”Gelecek kuşaklara şarkılar bıraktım”

Ali Kocatepe, yeni televizyon programları ve 'tribute' albümlerle sanatseverlerle buluşacak

YAYINLAMA
GÜNCELLEME

 

 

 

Ali Kocatepe... Yazdığı her melodi, kaleme aldığı her şarkı sözü kuşakların hafızasına işlenmiş, 43 yıldır bu topraklarda yaşayan herkesin hayatına sinmiş, anılarına fon müziği olmuş bir müzik adamı... Önceki akşam, Beşiktaş Belediyesi için düzenlediğim "Ustalara Saygı"da konuk olan; dostları ve meslektaşları kadar her yaştan hayranının samimi sevgisine yakından tanık olduğum Ali Kocatepe bu hafta "Çarşamba Söyleşileri"nin konuğu. Sohbetimize, yeni projelerden söz ederek başlıyoruz. Ali Kocatepe, TRT ile görüşme aşamasında oldukları haftalık bir programdan söz ediyor. "Bir araştırma programı" diyor ve anlatıyor:

"Aynı zamanda içinde müziğin, eğlencenin de olduğu bir program. İsmi, 'Ali ve Aysun Kocatepe ile Zamanda Yolculuk'. Her programda geçmiş yıllardan birine gidiliyor ve siyasetten magazine, çarşı pazardan tiyatroya, sinemaya, müziğe kadar o senenin en önemli olaylar konuklarla beraber tartışılıyor, konuşuluyor, inceleniyor. O dönemin şarkıları da orkestramız eşliğinde konuklarla beraber söyleniyor. TRT ile olumlu geçti görüşmelerimiz. Eğer böyle sonuçlanırsa, ekim ayında televizyonda eksikliği duyulan böyle bir projeye başlayacağız. TRT de böyle bir program için en uygun kanal diye düşünüyorum."

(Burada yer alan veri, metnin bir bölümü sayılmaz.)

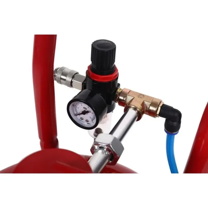 Целият уред е монтиран на практична стойка с колелца, което позволява лесно преместване. Комплектът включва и необходимия въздушен маркуч за бързо свързване към компресор.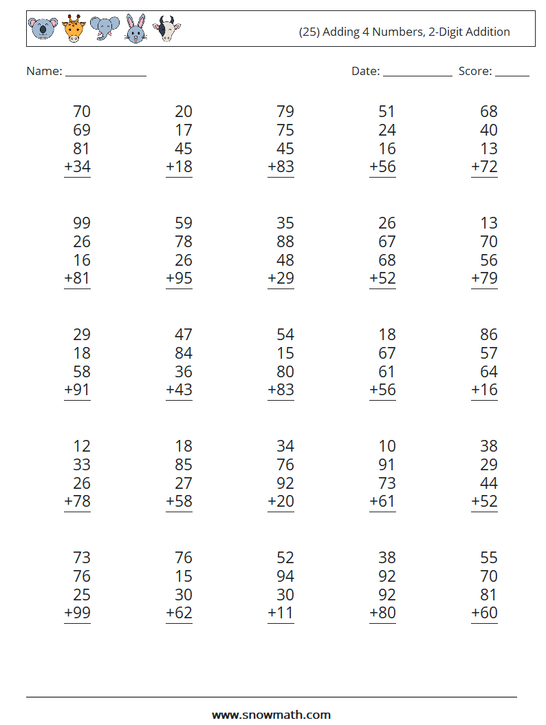 Adding two-digit numbers worksheets typically include a series of problems where children are required to add two numbers together. These worksheets can range in difficulty, starting with simple problems and gradually increasing in complexity as children progress. By providing a variety of problems, children can practice adding different combinations of two-digit numbers.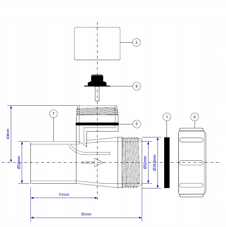 Фото позначено кріпильним кріпленням для кріплення для McAlpine V1ABSV-32-PL-CP. Напрямок потоку позначений стрілкою на тілі.

Ali Kocatepe önümüzdeki yıl çalışmalarını televizyon yapımları üzerinde yoğunlaştırmayı düşünüyor. Demin sözünü ettiğinin dışında bir iki projesi daha var, onların da görüşmeleri sürüyor. Sanatçının bu yaklaşımı, sözü müzik sektöründeki düşüşe getiriyor doğal olarak:

"Düşüş hâlâ devam ediyor. Sektör dibe vurdu, daha dibi yoktur diye düşündüğümüz bir durumda dibin dibi olduğunu görür hâle geldik. Albüm prodüksiyonları bu yüzden bütün cazibesini yitirdi. Ancak, sanatçının prestiji için bir kartvizit olarak albüm projelerini sürdürebiliyoruz."

Ama biliyorum ki Ali Kocatepe'de albüm projeleri de çoktur ve bir yerlerde zamanının gelmesini, koşullarının oluşmasını bekliyorlardır. Bunlardan da konuşacağız, ama ben, uzun yıllardır yeni albüm çıkarmayan Aysun Kocatepe'nin yeni çalışmaları var mı sorusunu daha önce sormak istiyorum:

"Aysun'un bu konuda çok uzun zamandır devam eden çalışmaları nihayet bitmek üzere" diyerek albüm haberini muştuluyor. E peki Ali Bey'in albümleri?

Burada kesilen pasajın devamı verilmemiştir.